本人達が「Big Audio Dynamiteにヒントを得た」と語っている通り、
あらゆる国や時代の多彩でモダンなダンス・ビートと、ロックンロールや
ソウルのクラシックを彷彿させるメロディや楽器の音が好対照を
描きながら同居している。アルバムを通して今まで以上に多様な
曲が並び、全然飽きさせない。
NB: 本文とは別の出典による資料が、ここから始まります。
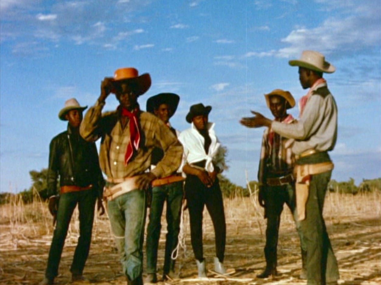 Also from 1966, Alassane’s extraordinary, 32-minute “Le Retour d’un aventurier” (The Return of an Adventurer) follows Jimi, a laborer who comes back to his home village adorned with traditional Western garb (i.e. a suit and tie). Jimi reconnects with childhood friends, bearing a suitcase impossibly stuffed with leather boots, gallon hats, and revolvers, soon turning them into a gang of self-styled Eastwoods. (He renames them “Black Cooper,” “John Kelly,” “Billy Walter,” and “Casse Tout,” which means “break everything.”) It takes only a few breathtaking and hilarious jump cuts for the posse to turn a makeshift watering hole into the site of a back lot–worthy brawl. Even after the crew has irrevocably crossed the village’s Islamic elders, Alassane’s film keeps its fiery political implications at arm’s length, letting the comedy speak through its own growing darkness.

さらにこの人たちの特徴として、
一曲ごと、そしてアルバム全体を通して様々なストーリーを感じさせてくれる
ところがあるが、その特徴は今作においても全く損なわれていない。
それどころか、歌詞だけでなく声や音やリズムを通して、こんなにひりひりと
誰かの人生の一場面を、自分の人生で起こったことみたいに感じさせてしまう
音楽があるだろうか。いやない。
全曲最高です。1曲目から熱く暑苦しい漢のロックンロール全開。
ハウス、ヒップホップ、ソウル、レゲエ、その他中東風のリズムなどが混在する
今作は、世界にはこんなに踊るための、生きるためのリズムがあるんだぜ、
と投げかけてくるかのよう。踊るしかない。
最後の「キラー・サウンズ」はバンド史上最高の名曲だと思う。
こんなに暑苦しいのに、最後はなぜか涼しく爽やかな気分になるのは不思議。
ボーナストラックは弾き語りなど、ちょっとリラックスした
ハード・ファイの一面が楽しめるので、ファンは迷わず買いです。